There was evidence of pancreatic inflammation (lipase 179 units/L [normal range 15–110]), but no elevation in systematic inflammatory markers, and all autoantibody tests for autoimmune diabetes were negative. On exam, he was nonobese (BMI Z-score: -0.3), without acanthosis nigricans, and pubertal (Tanner 3). His medical and family histories were noncontributory; specifically, there was no family history of diabetes or neonatal hypoglycemia.

He was treated with intravenous (IV) insulin infusion at 0.1 units/kg/hour until DKA resolved within 24 hours. He appeared well, without signs of systemic inflammatory response and with no need for respiratory support or glucocorticoid use. He was then transitioned to a subcutaneous insulin regimen starting at 1 unit/kg/day but developed persistent hyperglycemia evidenced via continuous glucose monitoring, prompting an increase of insulin dosing and eventual resumption of IV insulin. His insulin requirements continued to increase consistently with marked insulin resistance. Given his significantly elevated insulin requirements (more than 4 units/kg/day), metformin was initiated, and, 3 days later, his insulin requirements declined, allowing for discharge 9 days after initial diagnosis on an insulin regimen closer to 1.5 units/kg/day.

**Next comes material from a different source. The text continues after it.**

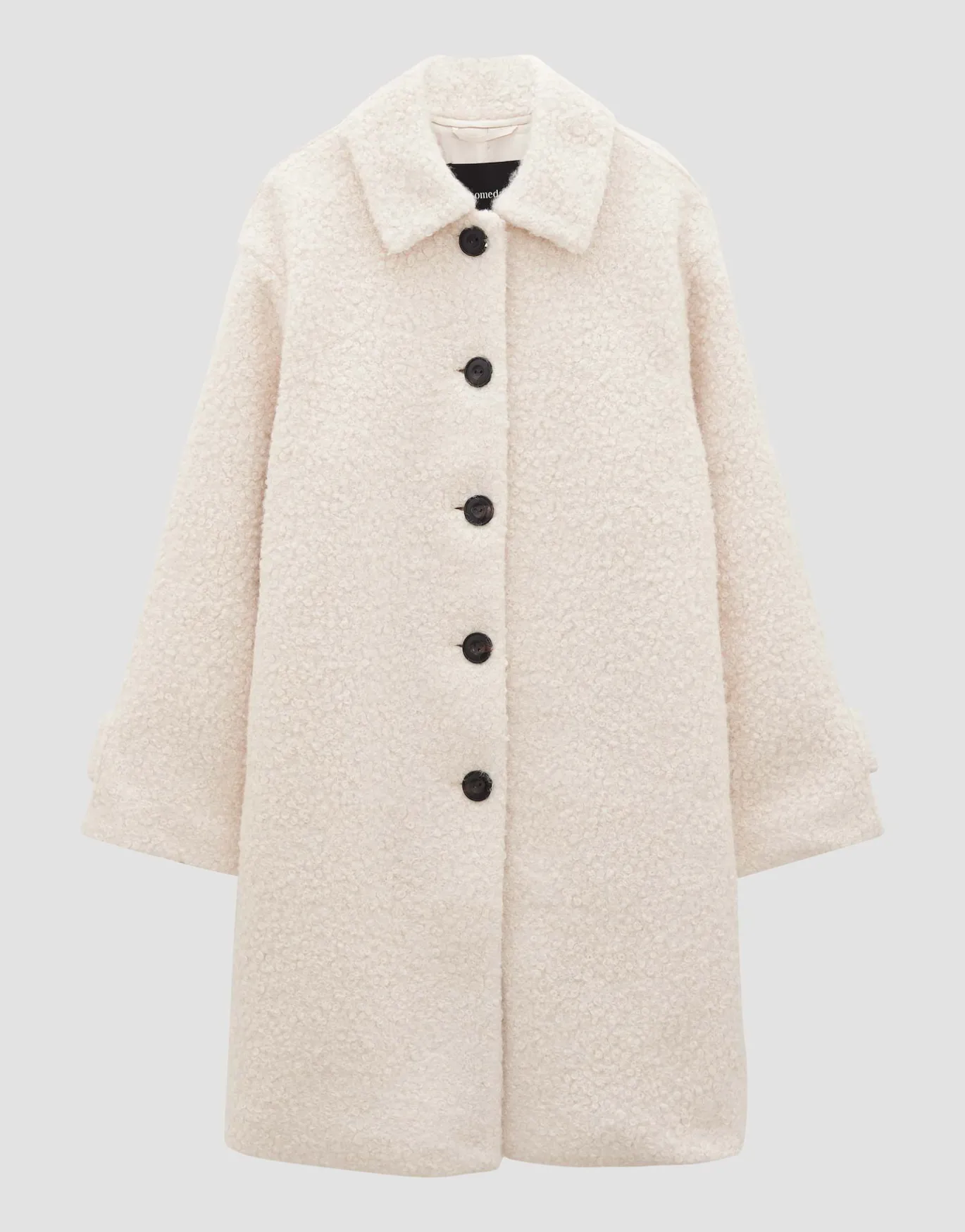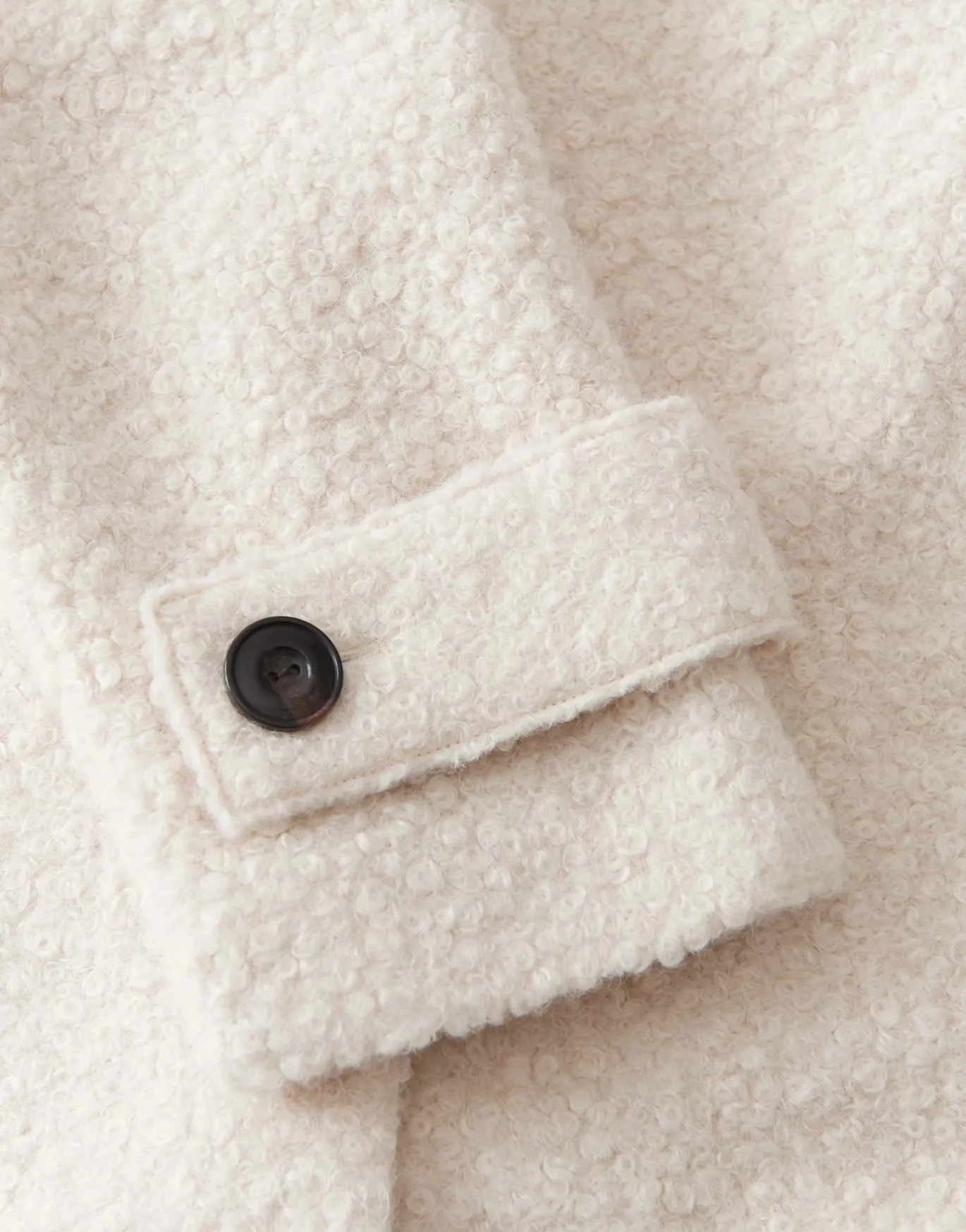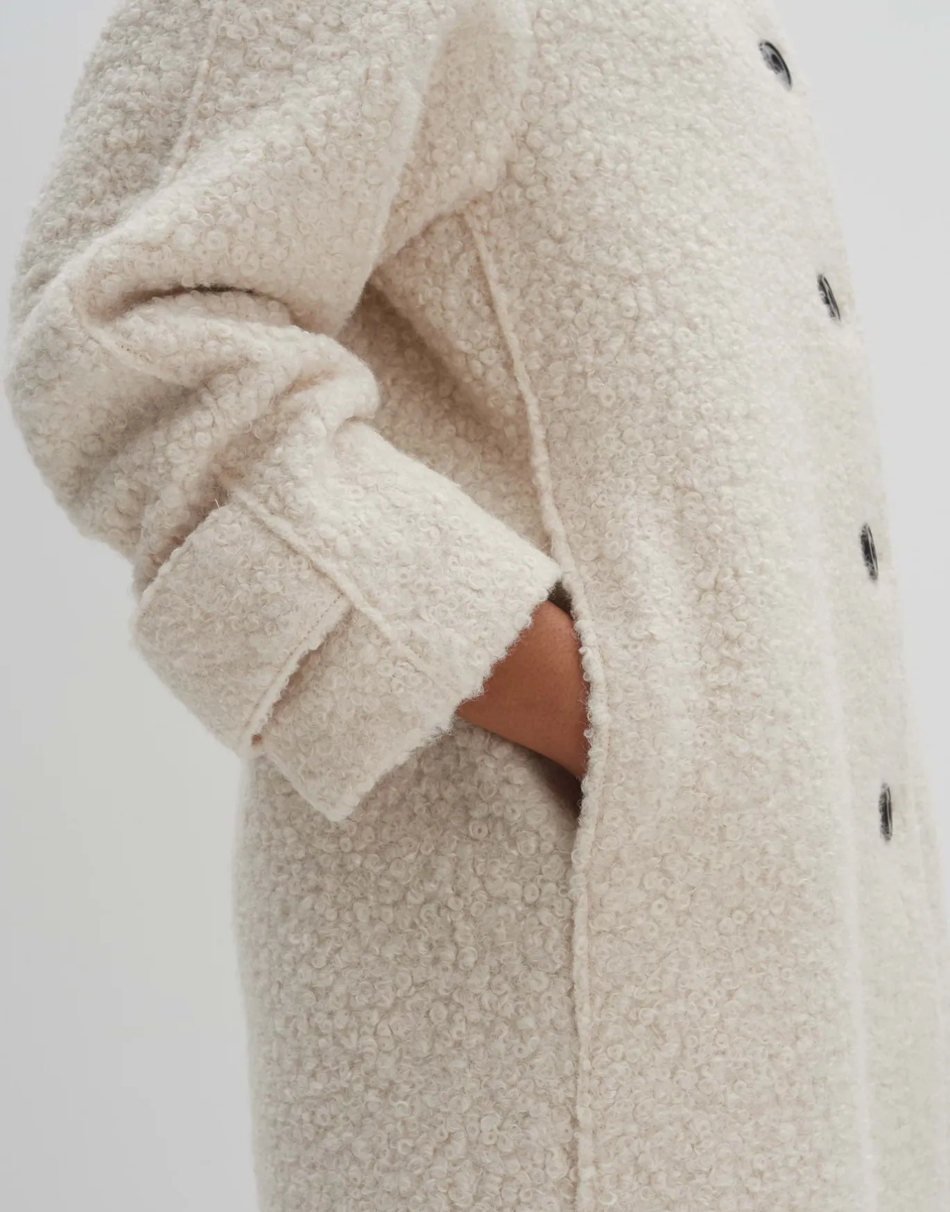 In diesem Mantel trifft zeitloses Design auf eine edel gelockte Woll Optik. Der mittellange, lockere Fit schmeichelt der Silhouette besonders.

In the following days, the patient’s insulin requirement continued to decrease. Metformin was discontinued 20 days after diagnosis without rebound hyperglycemia. Over the next weeks after discharge, his glycemic control continued to improve, as evidenced by A1C results of 8.8 and 5% at 4 and 12 weeks respectively, with appropriate insulin requirements for his age and pubertal status (0.86–0.9 units/kg/day).

Furthermore, he had a C-peptide of 3.39 ng/mL at the time of euglycemia (102 mg/dL), which was consistent with recovery of Beta-cell function. His insulin requirement continued to decline, and, by week 14, he was only on long-acting insulin at 0.2 units/kg/day with blood glucose levels ranging from 90 to 145 mg/dL. At week 23, long-acting insulin was discontinued altogether. Finally, because of financial constraints and a very low probability of having maturity-onset diabetes of the young (around 0.7%), molecular testing was not pursued.